Sol: (i) {x : x is an even natural number}
Even natural number = {2, 4, 6, 8, 10, ……..}
Complements = odd natural number
= {1, 3, 5, 7, 9, ……}

(ii) {x : x is a positive multiple of 3}
Multiple of 3 = {3, 6, 9, 12, …..}
Complement = Natural number not divisible by 3
= {1, 2, 4, 5, 7,……}

(iii) {x : x is a prime number}
Prime number = {2, 3, 5, 7, 11, 13, ….}
Complement = Natural number that are not prime number
= {1, 4, 6, 8, 9, 10, 12, 14, …..}

(iv) {x : x is a natural number divisible by 3 and 5}
Number divisible by both 3 and 5 = Multiple of 15 = {15, 30, 45, 60,….}
Complement = Natural number not divisible by 15
= {1, 2, 3, ……, 14, 16, 17, ….}

(v) {x : x + 5 = 8}
x + 5 = 8
x = 3
Complement = Number without 3
= {1, 2, 4, 5, 6, 7, …..}

(vi) {x : 2x + 5 = 9}
2x + 5 = 9
2x = 4
x = 2
Complement = Number without 2
= {1, 3, 4, 5, 6, 7,……}

(vii) {x : x ≥ 7}
Set = {7, 8, 9, 10, …..}
Complement = Natural number less than 7
= {1, 2, 3, 4, 5, 6}.

(viii) {x : x∈N and 2x+1 > 10}
2x + 1 > 10
2x > 9
x > 4.5
x ≥ 5
Set = {5, 6, 7, 8, …..}
Complement = Number less than 5
= {1, 2, 3, 4}

Que-5: Let U be the set of all triangles in a plane. If A is the set of all triangles with at least one angle different from 60°, what is A’ ?

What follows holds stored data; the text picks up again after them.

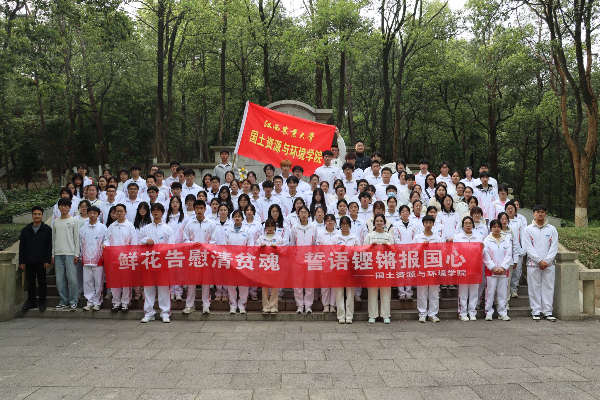 陵园广场上,师生代表齐唱国歌,朗诵《可爱的中国》,向方志敏烈士铜像敬献花圈,默哀、鞠躬,深情表达对方志敏烈士的敬仰与缅怀。“我宣誓,我志愿加入中国共产党,拥护党的纲领,遵守党的章程……”、“我宣誓,我志愿加入中国共产主义青年团,坚决拥护中国共产党的领导,遵守团的章程……”,在烈士铜像下,全体党员、团员面向鲜红的党旗、团旗,高举右拳,重温誓词,再次接受党性的洗礼,更加坚定了理想信念。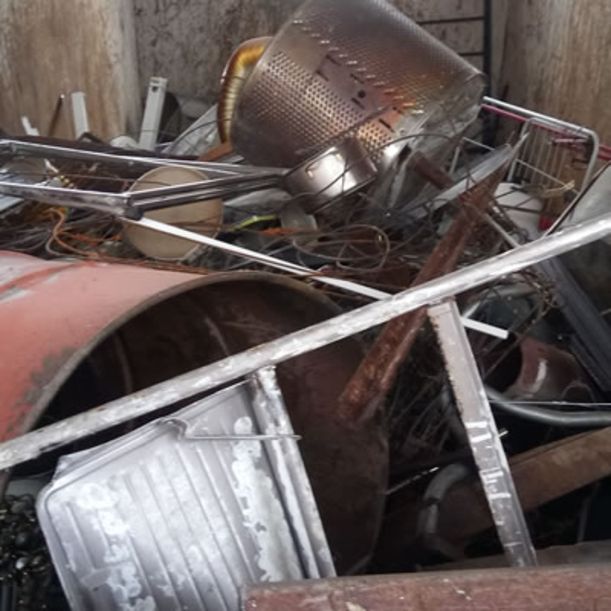 Badewanne (Metall) , Dachrinnen , Drahtzäune , Eisenrohre , Eisenteile , Fahrrad , Metallfässer (leer) , Eisengitter, Ofen , Aluminiumteile, Blechteile , alle Metallteile, die keine Verpackungen sind , Pfannen , Töpfe , Maschinen- und Fahrzeugteile , Armaturen, Metallwerkzeuge , Schrauben , Nägel , Besteck , ....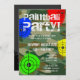 Personalised paintball party invitations | Custom invites for birthdays and other occasions. Personalizable announcement text and background colour. Targets and paint splatter design with neon colours. Camouflage pattern background design.

Sol: It is given that U is the set of all triangles in a plane.
Also, A is the set of all triangles with at least one angle different from 60°.
Then A’, which is the complement of A, is
A’ = U – A
= {All triangles} – {all triangles with at least one angle different from 60°}
= {All triangles in which all angles are equal to 60°}
= All equilateral triangles
Thus, A′ is the set of all equilateral triangles.